IMHO, if you are looking for the following requirements: 1) Proven petascale data store (never want to be on the bleeding edge of your filesystem's scaling!). 2) Has self-healing semantics (can recover from the loss of RAIDs or entire storage targets). 3) Open source (but do consider commercial companies - your time is worth something!).
You end up at looking at a very small number of candidates. Others filesystems that should be on your list:
1) Gluster. A quite viable alternate. Like HDFS, you can buy commercial support. I personally don't know enough to provide a pros/cons list, but we keep it on our radar. 2) Ceph. Not as proven IMHO. I don't know of multiple petascale deploys. Requires a quite recent kernel. Quite good on-paper design. 3) Lustre. I think you'd be disappointed with the self-healing. A very "traditional" HPC/clustered filesystem design.

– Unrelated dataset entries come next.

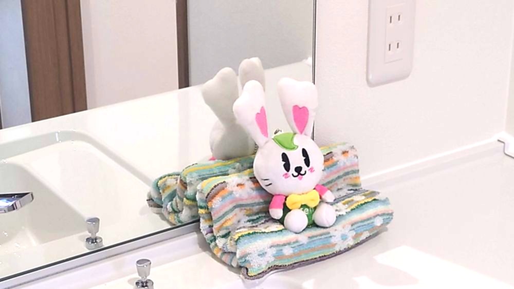 全日マスコット「ラビーちゃん」は洗面台の上でくつろいでいます。
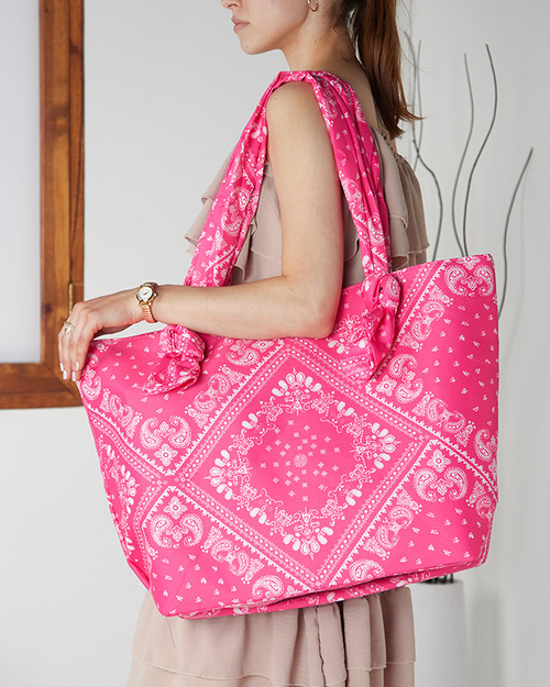 • Geantă elegantă din material textil, cu model paisley. Geanta de mana cu manere legate, cu fermoar, are 1 buzunar in interior. Perfect pentru plaja!
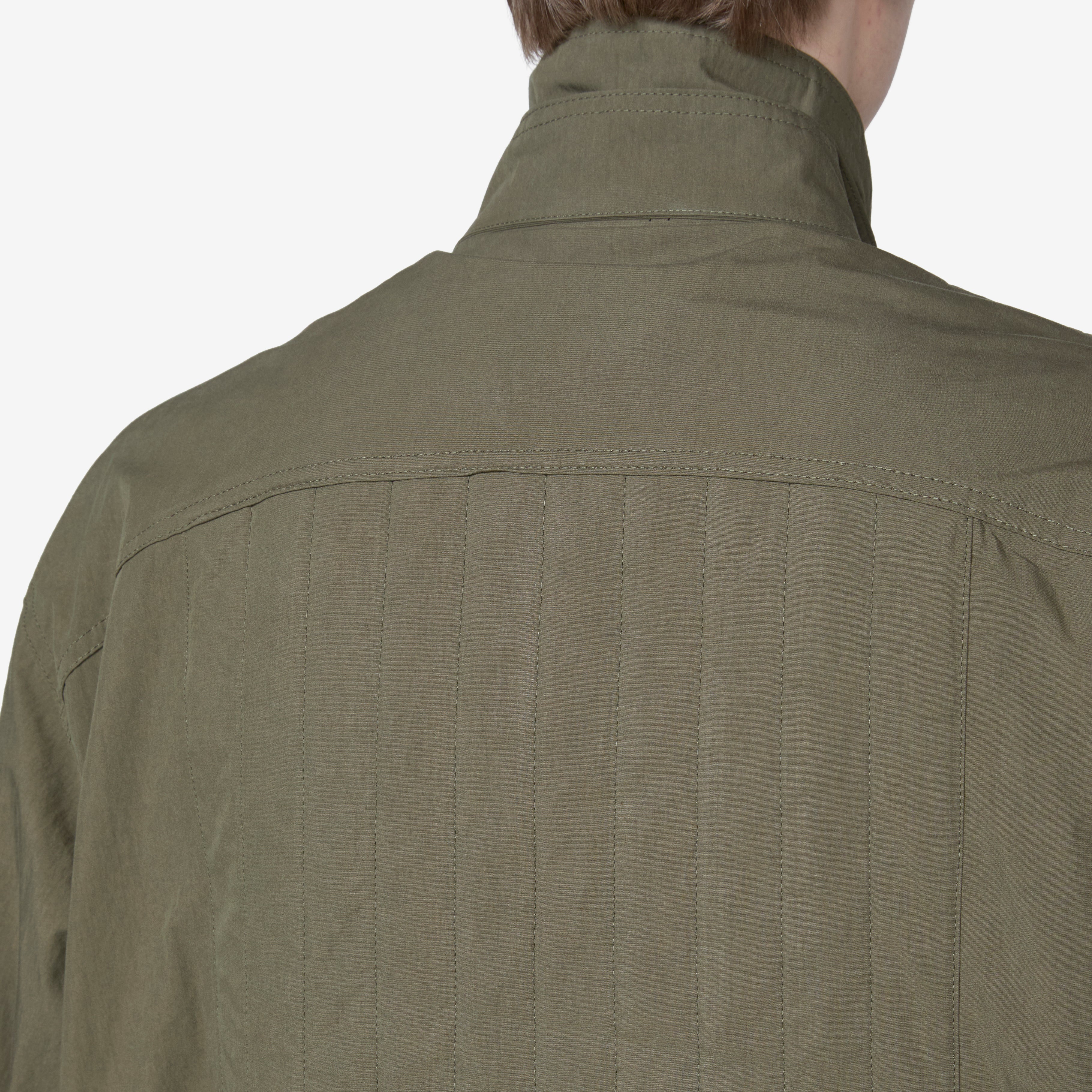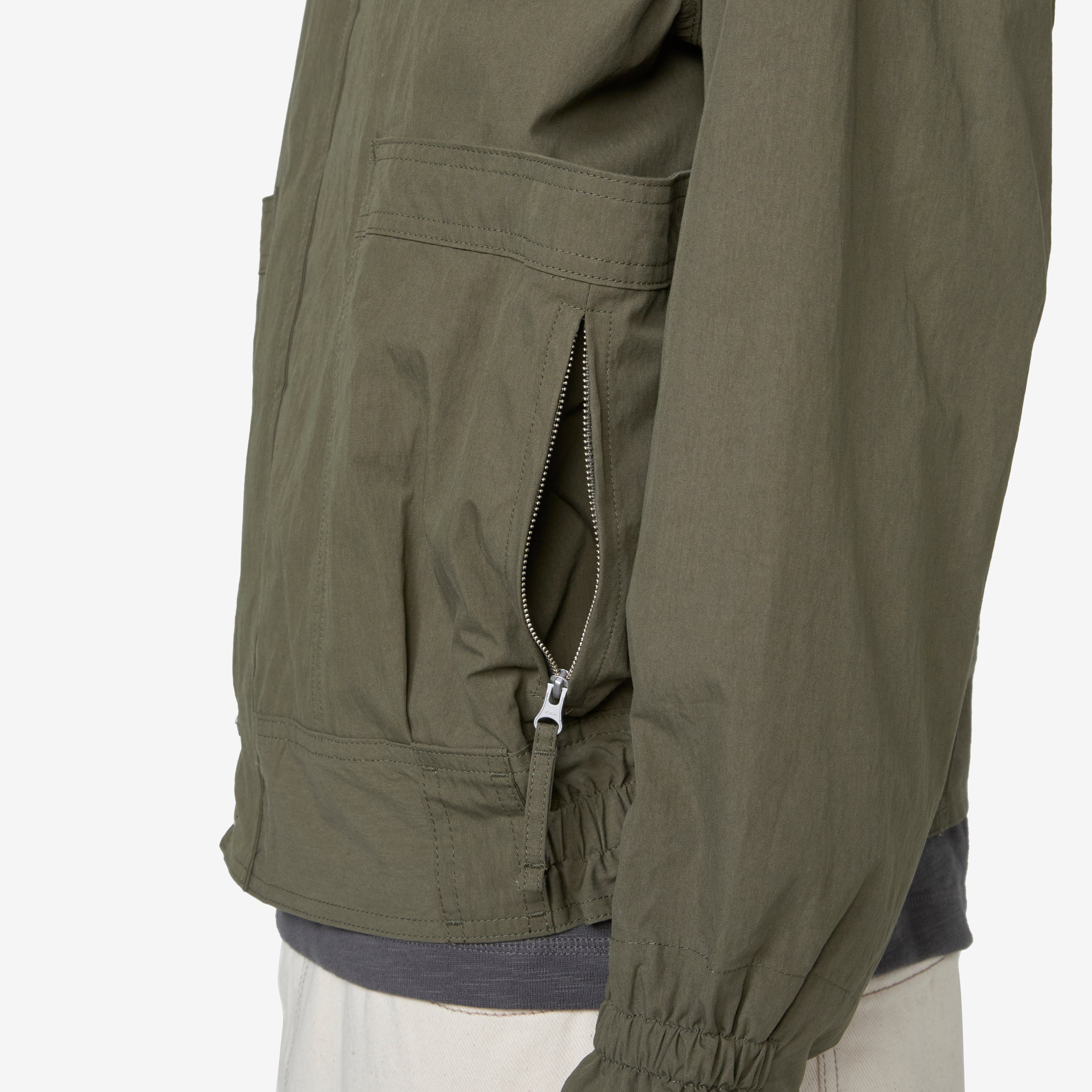 Men's Hunting Hiker Jacket in Sage Green from Uniform Bridge. Relaxed fit jacket with a full neck, semi-elasticated waistband and cuffs and two-way zip closure concealed by the placket with button closure. Crafted from a cotton and nylon blend for lightweight durability. Features two wrap-around pockets on the hem as well as three zipped pockets on the front.
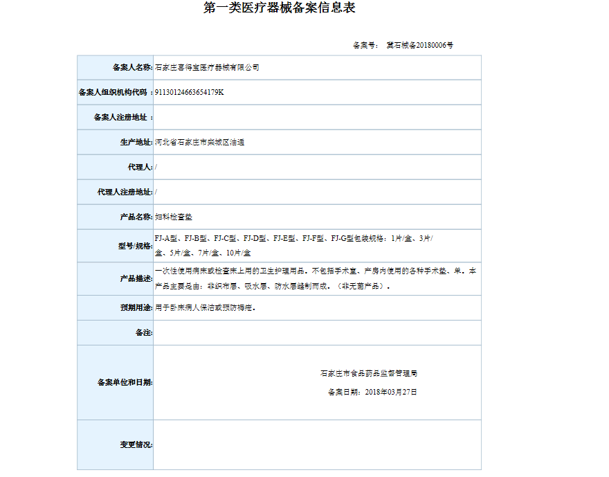 ![]() 附件2 2018年3月备案第一类医疗器械变更产品目录
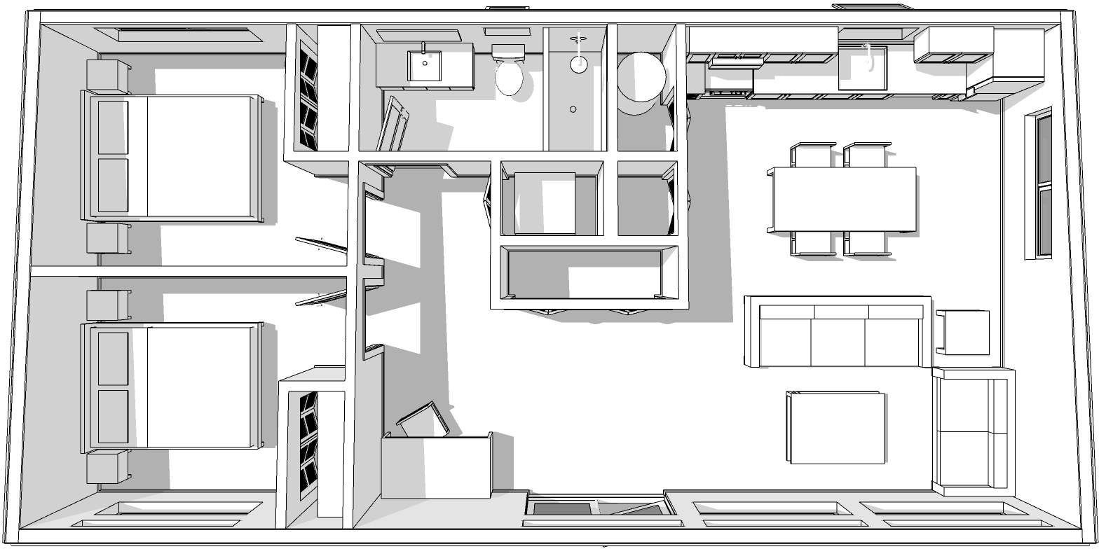 The Summit 800 is a 2-bedroom, 1-bathroom ADU that offers a perfect blend of comfort and convenience. With a spacious living area, a full kitchen, and a bathroom that can be configured to your liking, this home is designed to meet your needs. Whether you're looking for a guest house, a home office, or a place to live, the Summit 800 is the perfect solution.

For us, HDFS wins. I think it has the possibility of being a winner in your case too.
Brian
On Oct 15, 2012, at 3:21 PM, Jay Vyas <[EMAIL PROTECTED]> wrote:
> Seems like a heavyweight solution unless you are actually processing the images? > > Wow, no mapreduce, no streaming writes, and relatively small files. Im surprised that you are considering hadoop at all ? > > Im surprised there isnt a simpler solution that uses redundancy without all the > daemons and name nodes and task trackers and stuff. > > Might make it kind of awkward as a normal file system. > > On Mon, Oct 15, 2012 at 4:08 PM, Harsh J <[EMAIL PROTECTED]> wrote: > Hey Matt, > > What do you mean by 'real-time' though? While HDFS has pretty good > contiguous data read speeds (and you get N x replicas to read from), > if you're looking to "cache" frequently accessed files into memory > then HDFS does not natively have support for that. Otherwise, I agree > with Brock, seems like you could make it work with HDFS (sans > MapReduce - no need to run it if you don't need it). > > The presence of NameNode audit logging will help your file access > analysis requirement. > > On Tue, Oct 16, 2012 at 1:17 AM, Matt Painter <[EMAIL PROTECTED]> wrote: > > Hi, > > > > I am a new Hadoop user, and would really appreciate your opinions on whether > > Hadoop is the right tool for what I'm thinking of using it for. > > > > I am investigating options for scaling an archive of around 100Tb of image > > data. These images are typically TIFF files of around 50-100Mb each and need > > to be made available online in realtime. Access to the files will be > > sporadic and occasional, but writing the files will be a daily activity. > > Speed of write is not particularly important. > > > > Our previous solution was a monolithic, expensive - and very full - SAN so I > > am excited by Hadoop's distributed, extensible, redundant architecture. > > > > My concern is that a lot of the discussion on and use cases for Hadoop is > > regarding data processing with MapReduce and - from what I understand - > > using HDFS for the purpose of input for MapReduce jobs. My other concern is > > vague indication that it's not a 'real-time' system. We may be using > > MapReduce in small components of the application, but it will most likely be > > in file access analysis rather than any processing on the files themselves. > > > > In other words, what I really want is a distributed, resilient, scalable > > filesystem. > > > > Is Hadoop suitable if we just use this facility, or would I be misusing it > > and inviting grief?
-
Re: Suitability of HDFS for live file store
Matt Painter 2012-10-15, 20:59
Sorry, I should have provided a bit more detail. Currently our data set comprises of 50-100Mb TIFF files. In the near future we'd like to store and process preservation-quality digitised film, which will individually exceed this size by orders of magnitude (and has currently been in the "too-hard" basket with our current infrastructure). In general, our thinking thus far has been very much based on what our current infrastructure can provide - so I'm excited to have alternatives available.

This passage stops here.